The subsystem control device controls the number of logical volumes (N; Number), the capacity of logical volumes (C; Capacity), and the logical volume for the rotary storage medium control device that controls a single rotary storage medium. The size (S; Size) of the unit into which the data is divided is transmitted as a parameter, and an instruction for address layout conversion is issued.

This means also keeps the address of the data block added in ascending order on the rotary storage medium. In the rotary storage medium control device that has received the parameters, the block addresses are arranged so that the units (S) having the same relative position in each logical volume are grouped into one group and exist close to the rotary storage medium. Have the logic to convert

[0016]

When the information at the same relative position in each logical volume is accessed by a plurality of logical volumes by each of these means, the physical movement distance of the head that moves on the rotary storage medium and accesses an arbitrary area. Can be shortened, and high-speed access becomes possible.

In general, information having the same meaning in each logical volume is recorded at the same relative position of each logical volume. Even in a process of updating a plurality of logical volumes, the same logical volume has the same information. The information stored in the relative position is often updated. By incorporating logic for converting the arrangement of data block addresses of a rotary storage medium so that information having the same relative position in each logical volume is close to the rotary storage medium, information can be transferred across a plurality of logical volumes. In the access processing, the physical movement distance of the head is reduced, and the processing performance is improved.

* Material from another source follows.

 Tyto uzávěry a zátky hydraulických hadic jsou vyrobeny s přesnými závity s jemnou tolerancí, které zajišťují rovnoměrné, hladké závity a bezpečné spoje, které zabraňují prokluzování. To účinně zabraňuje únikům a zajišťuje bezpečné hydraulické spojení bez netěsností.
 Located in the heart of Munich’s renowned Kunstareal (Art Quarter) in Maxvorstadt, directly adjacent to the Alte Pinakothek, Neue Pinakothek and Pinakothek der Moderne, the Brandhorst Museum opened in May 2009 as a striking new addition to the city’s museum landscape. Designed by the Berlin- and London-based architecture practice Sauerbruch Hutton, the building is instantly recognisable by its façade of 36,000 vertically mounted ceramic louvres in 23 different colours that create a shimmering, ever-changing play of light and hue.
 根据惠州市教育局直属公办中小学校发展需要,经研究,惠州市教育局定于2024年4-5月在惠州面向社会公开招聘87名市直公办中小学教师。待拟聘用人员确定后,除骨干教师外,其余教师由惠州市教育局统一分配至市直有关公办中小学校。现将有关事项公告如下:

Thus, it is possible to surely improve the general job performance of accessing each information existing at the same relative position in each logical volume.

[0019]

Embodiments of the present invention will be described below in detail with reference to the drawings.

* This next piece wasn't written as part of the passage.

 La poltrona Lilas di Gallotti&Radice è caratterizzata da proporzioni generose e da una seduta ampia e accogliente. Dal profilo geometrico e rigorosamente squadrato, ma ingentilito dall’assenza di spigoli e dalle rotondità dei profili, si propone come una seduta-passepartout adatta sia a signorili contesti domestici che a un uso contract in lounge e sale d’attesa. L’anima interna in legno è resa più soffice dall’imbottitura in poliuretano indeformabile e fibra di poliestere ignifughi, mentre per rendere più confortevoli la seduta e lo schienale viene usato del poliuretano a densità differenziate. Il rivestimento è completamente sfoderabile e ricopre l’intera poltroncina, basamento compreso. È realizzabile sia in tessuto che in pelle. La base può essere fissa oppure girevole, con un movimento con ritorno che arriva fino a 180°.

(Embodiment 1) FIG. 1 is a conceptual diagram showing an example of the configuration of a rotary storage subsystem in which a block address conversion method according to an embodiment of the present invention is implemented.
FIG. 1 is a conceptual diagram showing an example of a configuration of a conventional rotary storage subsystem. In the present embodiment, a case where the present invention is applied to a magnetic disk subsystem using a magnetic disk as a medium will be described as an example of a rotary storage subsystem.

In FIG. 1, 10 is a host computer, 20 is a disk subsystem, 21 is a subsystem control device for controlling the entire disk subsystem, 22 is a disk control device for controlling a single disk, and 23 is a magnetic disk drive , 30 are interface cables for connecting the host computer and the subsystem controller, 4
Reference numeral 0 denotes an interface cable for connecting the subsystem controller and the disk controller, and reference numeral 50 denotes an interface cable for connecting the controller, the disk controller, and the magnetic disk drive. Reference numeral 24 denotes an address transition table showing an example of how an address is converted based on a conversion parameter.

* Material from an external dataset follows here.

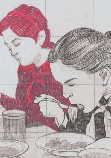 Еще будучи школьницей, рисуя на полях в тетрадке в клетку, я заметила систему, которую стала изучать в своем скетчбуке. Именно поэтому в качестве носителя для скетчбука я выбрала обычную школьную тетрадь.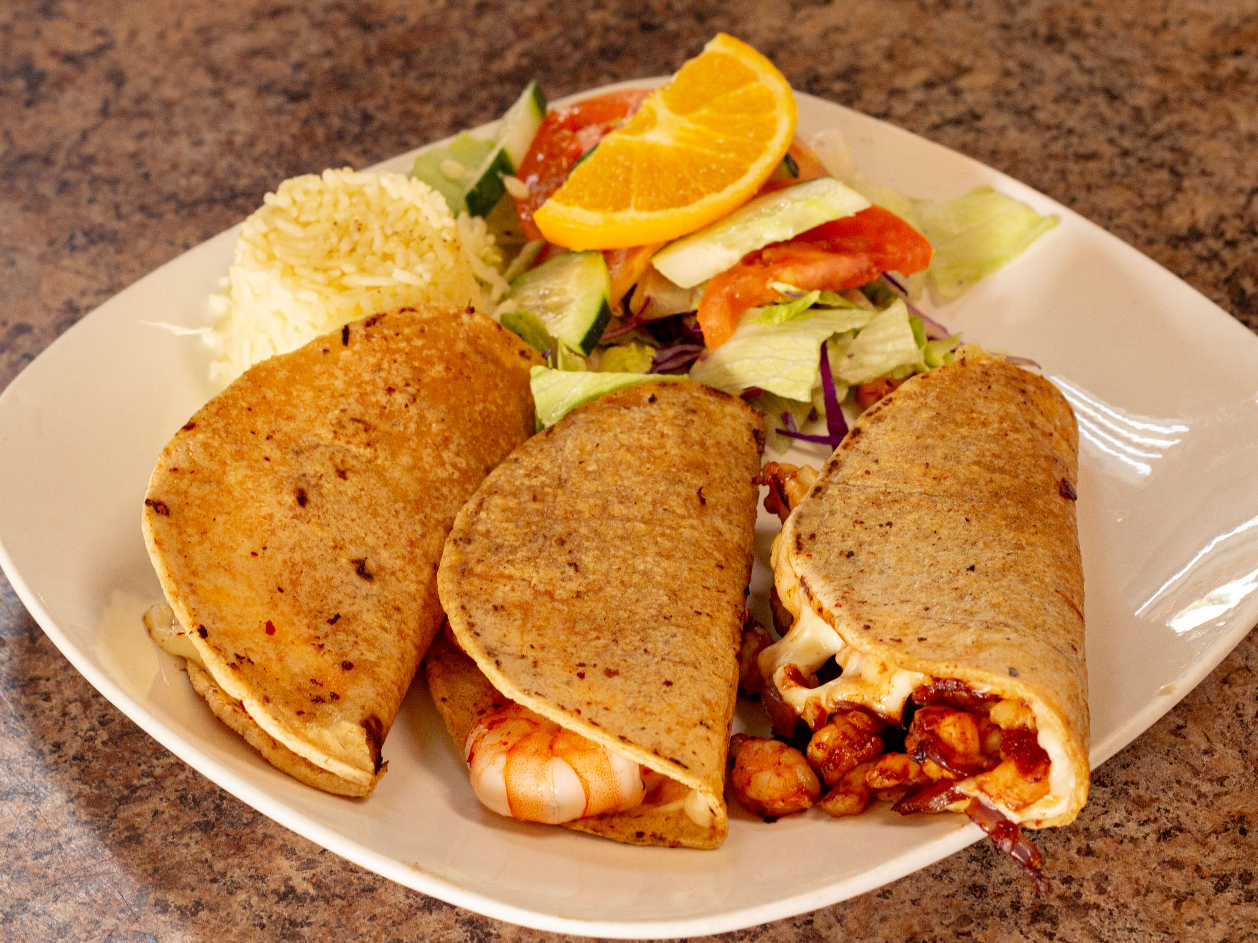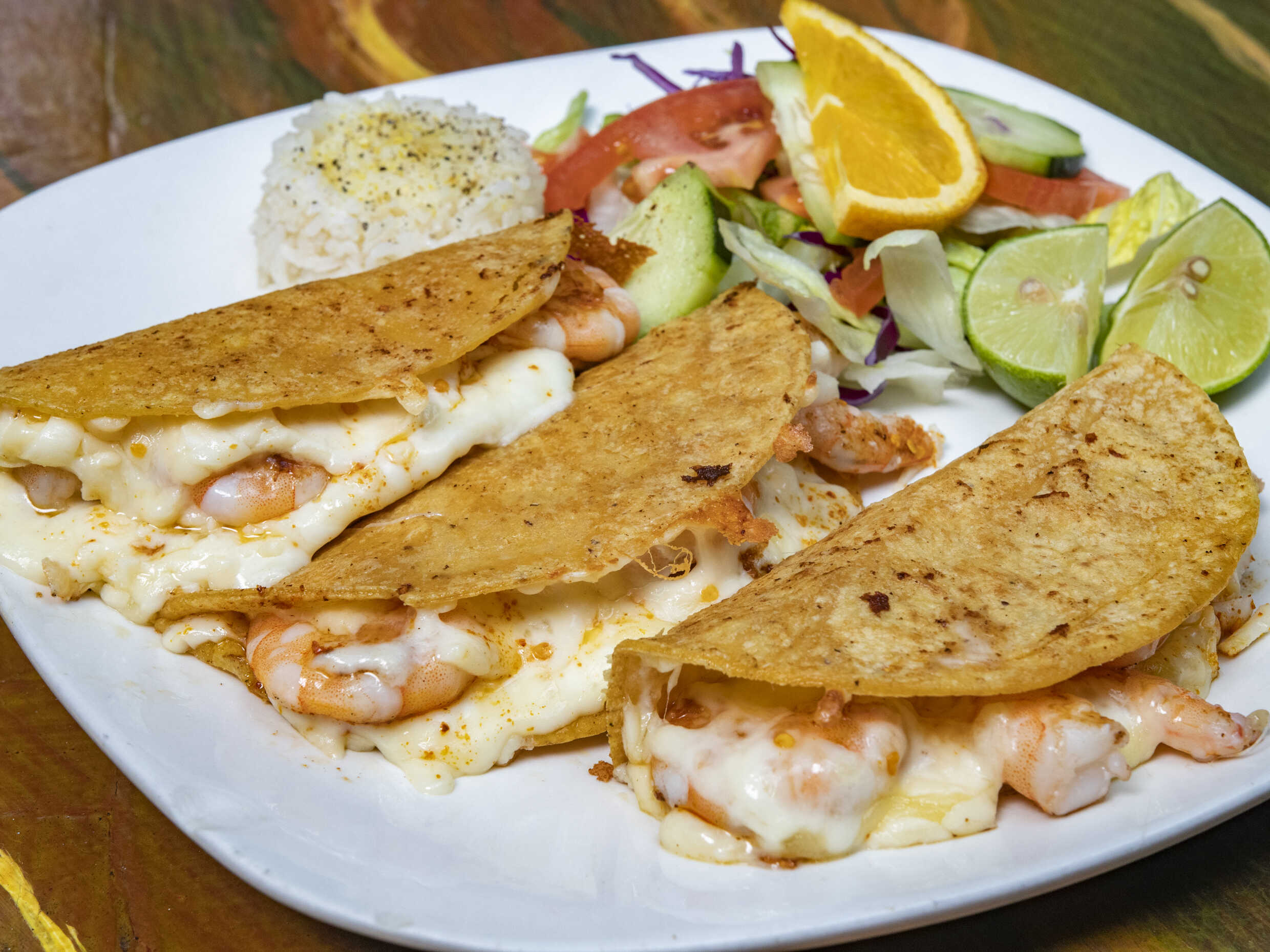 Quesadilla de camarón a la plancha con salsa especial de la casa.

In the case of this embodiment, as an example, the physical storage area of the magnetic disk drive 23 is logically divided into three logical volumes 0 to 2 and managed, and each logical volume further includes: It is divided into five zones 0 to 4, and within each zone, ten data blocks are allocated. Therefore, in the above logical volume, 150
There are data blocks.

Each of the 150 data blocks in all the logical volumes is assigned a logical block address LBA (0 to 149) for uniquely identifying each data block.

On the other hand, the magnetic disk area in the magnetic disk drive 23 is divided into 150 data blocks of the same size as the data blocks in the logical volume.
BA is given. This physical block address PB
A is set in ascending or descending order in a seek direction of a head (not shown) with respect to a magnetic disk as a storage medium and in a rotating direction of the magnetic disk. Data blocks having adjacent physical block addresses PBA are physically located on the magnetic disk. Are also next to each other.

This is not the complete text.